Resizing with padding is usually a good approach to preserve image scaling and results in higher accuracy compared to simple resizing
Resizing algo is also important. Commonly resizing is done via pixel value interpolation and methods are
- Nearest (fastest but may cause a large amount of aliasing/artefacts)
- Bilinear (fast and usually default method)
- Cubic (slow and may cause some blurring but reduces aliasing artefacts)

Training

Optimizer types

Optimizers main goal is that global minimum loss is found. Optimizer can be thought of as a blind man finding floor of lowest valley. Optimizers usually use heuristic approaches for finding global minimum but they usually get stuck in local minimum. This means that distribution of your data is an important factor in deciding on an optimizer. Most likely you will need experimentation to decide on the best one but you can usually get along by using a simple optimiser like adam because simple means easier to debug.
Types
- Adam
- RMSProp
- Batch gradient decent (studies show that this simple algo sometimes works better than others, so one must not simply disregard this)
see tensorflow / keras losses to see list of all optimizers
see tensorflow addons to see some interesting optimizers

Losses types

See keras / tensorflow losses to find a comprehensive list
see tensorflow addons library to see some interesting losses

Learning rate scheduling

I have found that learning rate scheduler to be the most important parameter to tune when convergence is an issue
There are many different types of schedulers (see tensorflow-addons and automl/efficientdet )
Some of the most important schedulers that I found are in automl/efficientdet repo. link
Some common characteristics of learning rate schedulers:
- initial learning rate
- warmup period and warmup function (to get maximum training during start)
- learning rate decay function (to get bet convergence)
- Scheduler may also be periodic (increasing and decreasing learning rate periodically) so that model does not get stuck in local minimum but it may also cause divergence during later stages. If you plant to use periodic scheduler make sure to use a decay function along as well.

Other training factors

300 to 600 epochs is usually a good number in my experience for training if data is complex. (depends largely on task and data)
Stop early if chances of overfitting or introduce regularisation.

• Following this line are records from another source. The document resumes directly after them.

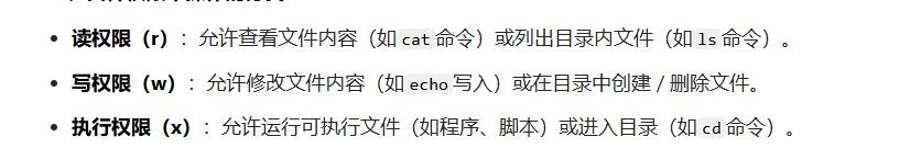 文件权限有读写执行,r代表读,w代表写,x代表执行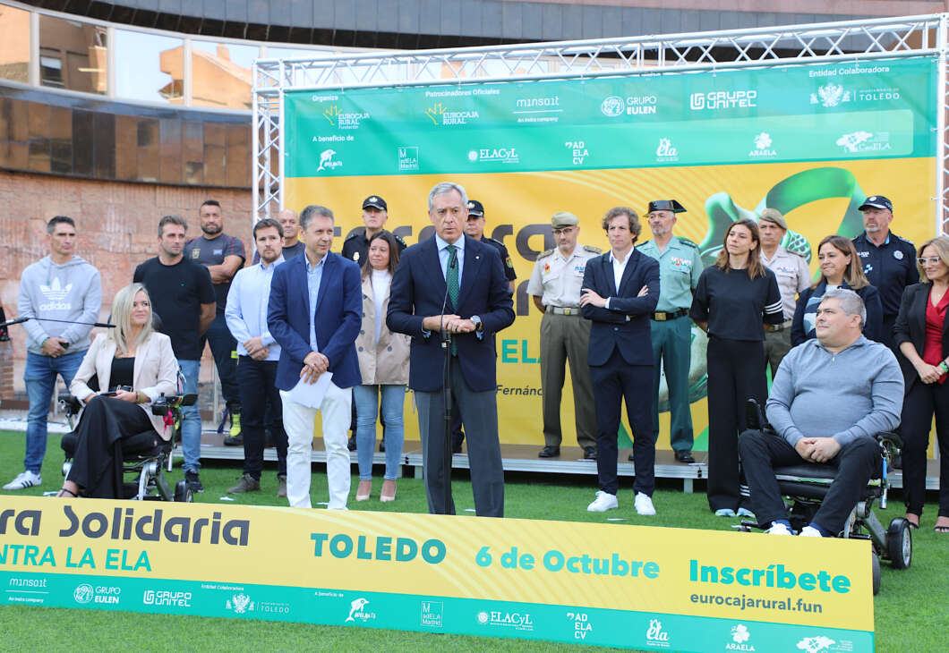 El concejal de Medioambiente, Río Tajo y Deportes del Ayuntamiento de Toledo, Rubén Lozano, indicó que "ahora mismo el deporte está muy vinculado a la solidaridad, a la salud, y tenemos una nueva ley. La ELA avanza, pero yo creo que es importante que nosotros también avancemos, y más rápido si cabe. Gracias a iniciativas como ésta, yo creo que podemos soñar con tener una solución médica. Yo creo que es cuestión de tener fondos, de tener investigación, de implicarse y nada mejor que esta carrera, que cada año suma más entidades a nivel nacional, más patrocinios y más apoyos, pues sin duda va a ser un referente nacional. Desde el Ayuntamiento de Toledo me consta que más de uno estaremos con el dorsal, corriendo y apoyando, así que muchísimo ánimo y a seguir".
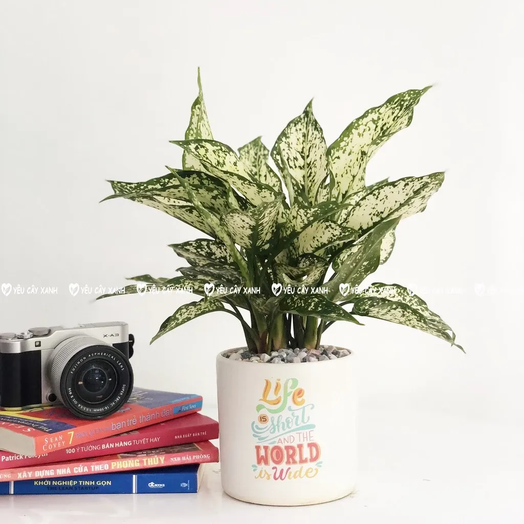 2. Đặc điểm nổi bật: Lá cây mềm mại, hình bầu dục với sự tương phản màu sắc ấn tượng giữa viền lá xanh thẫm và phần lòng lá màu trắng đốm xanh. Vẻ đẹp này giúp không gian của bạn trở nên tươi sáng và đầy sức sống.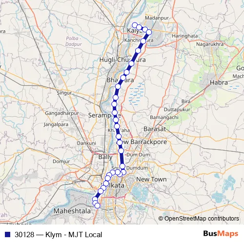 The first stop of the 30128 rail route is Kalyani Simanta and the last stop is Majerhat. 30128 (Klym - MJT Local) is operational during everyday.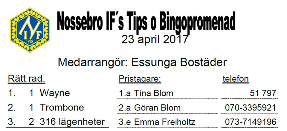 103 personer gick söndagens Tips- & Bingopromenad i samarnete med Essunga Bostäder. Se rätta raden och vinnarna här.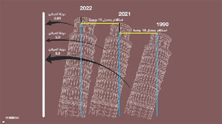 وجدت دراسة أجريت مؤخرا أن الهيكل الشهير قد تسلل في وضع مستقيم بمقدار 1.6 بوصة على مدار العشرين عامًا الماضية بفضل أعمال التثبيت.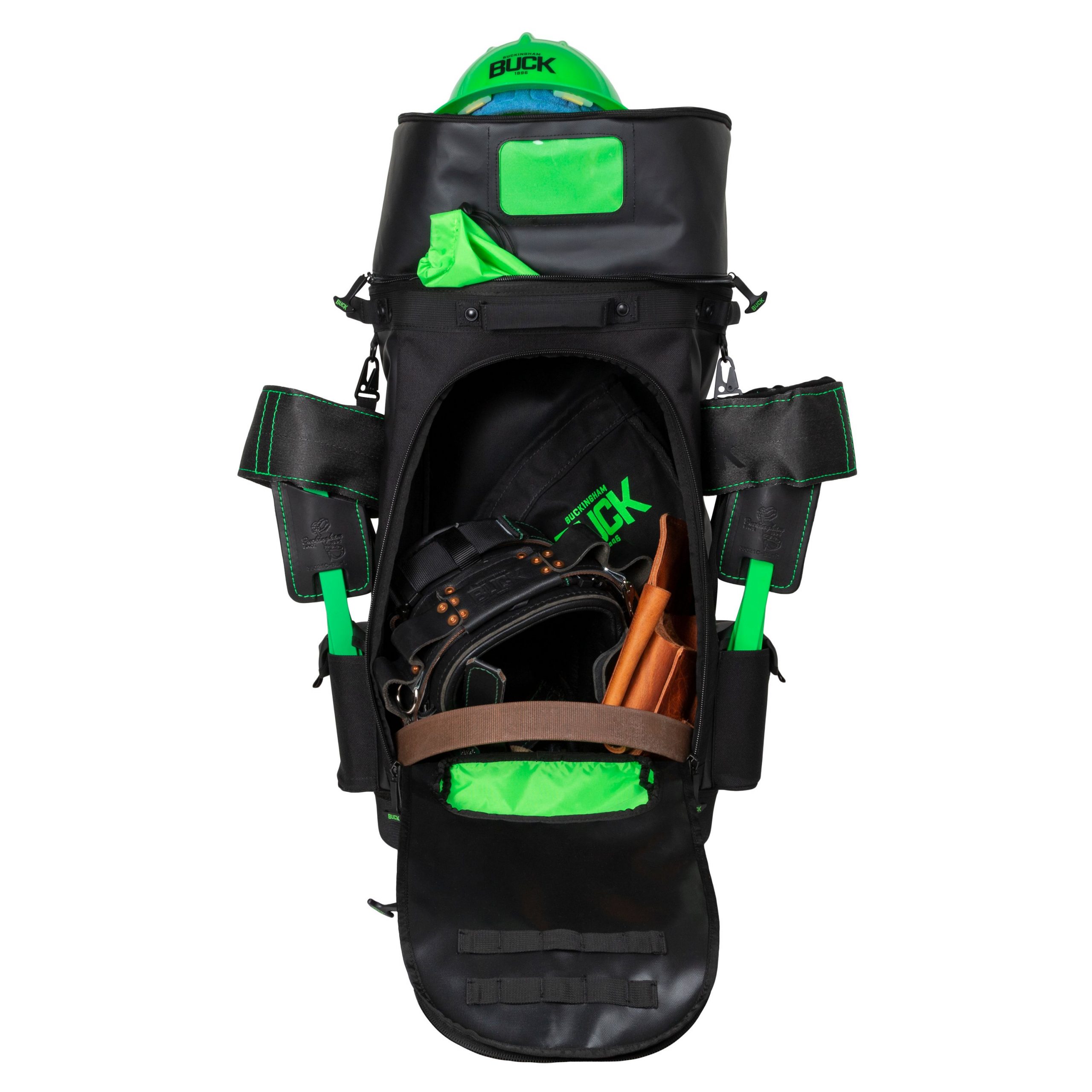 Constructed from a heavy-duty waterproof vinyl and Cordura material throughout, the BuckPack Pro features a removable separator if you want to keep clothing/gear away from other gear that may be dirty. High-grade zippers throughout for easy access and a name tag/company tag pocket. The backpack shoulder straps can be packed away into a separate storage pocket in the back pad when not in use. The back pad pocket is also great storage for handsaws, laptops, paperwork/binders/folders, etc.
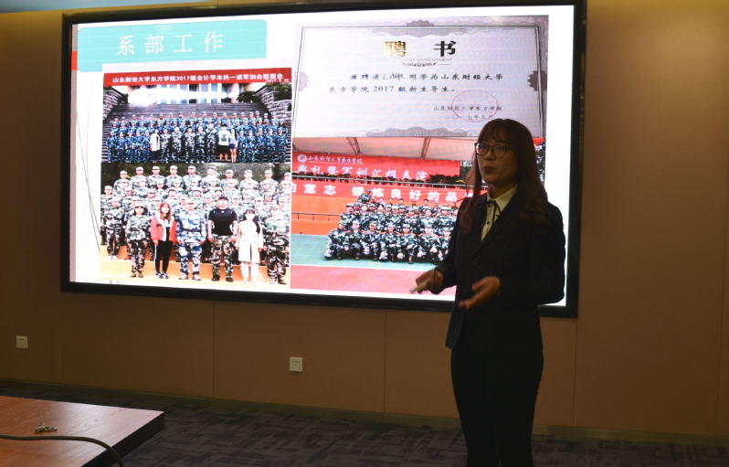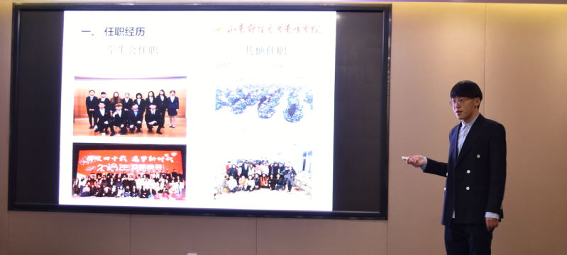 活动现场,竞选同学们将自己的学习、工作和生活情况呈现在幻灯片上,在简短的4分钟演讲过后,评委们进行现场打分。

Make sure you know what type of regularization you want (l1 or l2 or something else). Depends on what you want to achieve. Regularization is one of the most important factor in model generalization (after data distribution). Rule of thumb is that you want maximum depth model that you can afford with as much regularization as necessary.
Sometime loss may not reduce for 40-60 epochs especially in later stage of training when reduction of loss stagnates. If you allow training to continue you may be rewarded with a good performance boost (depends on learning rate scheduler)
If you can then it is best that you perform quantization during training for best accuracy
Quantization can cause training divergence

Model Evaluation

Kfold evaluation

Metrics

Some notes

One of good practice for evaulation is that you extract top 10-20 examples from test dataset on which model performed worse and try to understand. what went wrong
Another one is model understanding. There are various techniques to learn why your model predicted the given output e.g. link. This becomes necessary when the model is used in critical applications.

Inference

Model Optimization

There are libraries like TensorRT for automatic model optimisations.
Operations used in models are first thing to optimise. E.g. softmax layer can reduce model execution speed by up to 30% depending on hardware so first step of optimisation is usually to substitute expensive operations with simpler ones.
Models are quantized according to required hardware to achieve compatibility and less size in memory.
Model optimization depends on what type of device you are deploying your model to and what hardware it will run on. e.g:
- CPU: modern CPU can run almost any operation but since it has very little parallelism the execution is slow
- GPU: GPU can run only matrix operations so this limits the type of models you can run on it. It is faster than cpu and benifits greatly from batch input. It has good throughput
- TPU - Can only run matrix operations and it is more restricted than GPU. Very high throughput
- Custom ASICs / FPGAs : For large scale industrial applications
Some examples
- iphone gpu is float16 so it runs float16 quantized models best. If you try to run e.g. 8 bit quantized model that in theory should run faster but it will be considerably slowed
- pixel phones have tpu that can only run int8 models
- Microcontrollers usually don't have floating point operations

Inference pipelines

Like training pipelines there are several frameworks for inference that include
- Data ETL
- Inference
- Results ETL
See Tensorflow Extended as an example of production framework and pipelines used in model inference
NVidia also features some very optimised production engines like DeepStream

Computer Vision Tasks

Object Detection

One of the best repo for tensorflow users to see implementation of object detectors is automl/efficientdet. It contains implementation of almost all the important concepts in computer vision model training. If reader has time it is recommended to run this repo and try and understand the code. (best approach will be to train for your own custom task)
Types of detectors (also read on pros and cons of each)
- Single Shot (low accuracy but high inference speed)
  - YOLO/SSD
    - Anchorboxes
    - NMS algo
  - Centernet
    - Detection algo using center points
    - Can also detect keypoints
- Multi Shot (high accuracy but low inference speed)
  - Usually involve region proposals

Keypoints detection

Keypoints direct prediction (like in centernet) It is gaining more popularity these days because of simplicity of use i.e. its output is of shape Nx3 where N is number of keypoints and last dimension containes x,y, and confidence of keypoint. These detectors are also very simple to deploy and use on mobile devices
Keypoints detection using heatmaps
- output heatmap types:
  - Gaussian heatmap: shape: HxWxN where N is number of keypoints. output[i,j,k] gives probability that pixel[i,j] represents keypoint k.
  - Vector heatmap: shape is (needs checking) HxWx2xN where N is number of classes and third dimension of size 2 represents a x,y vector pointing to the pixel where keypoint k (last dimension) is actually located
- Single person - simple
- Multi person detectors use single person detectors using heatmap with further postprocessing of heatmaps. It usually involves heuristic algos (low accuracy)

Image Segmentation

SOTA models usually follow a UNET structure
- Feature extraction stage
- Deconvolution stage (important)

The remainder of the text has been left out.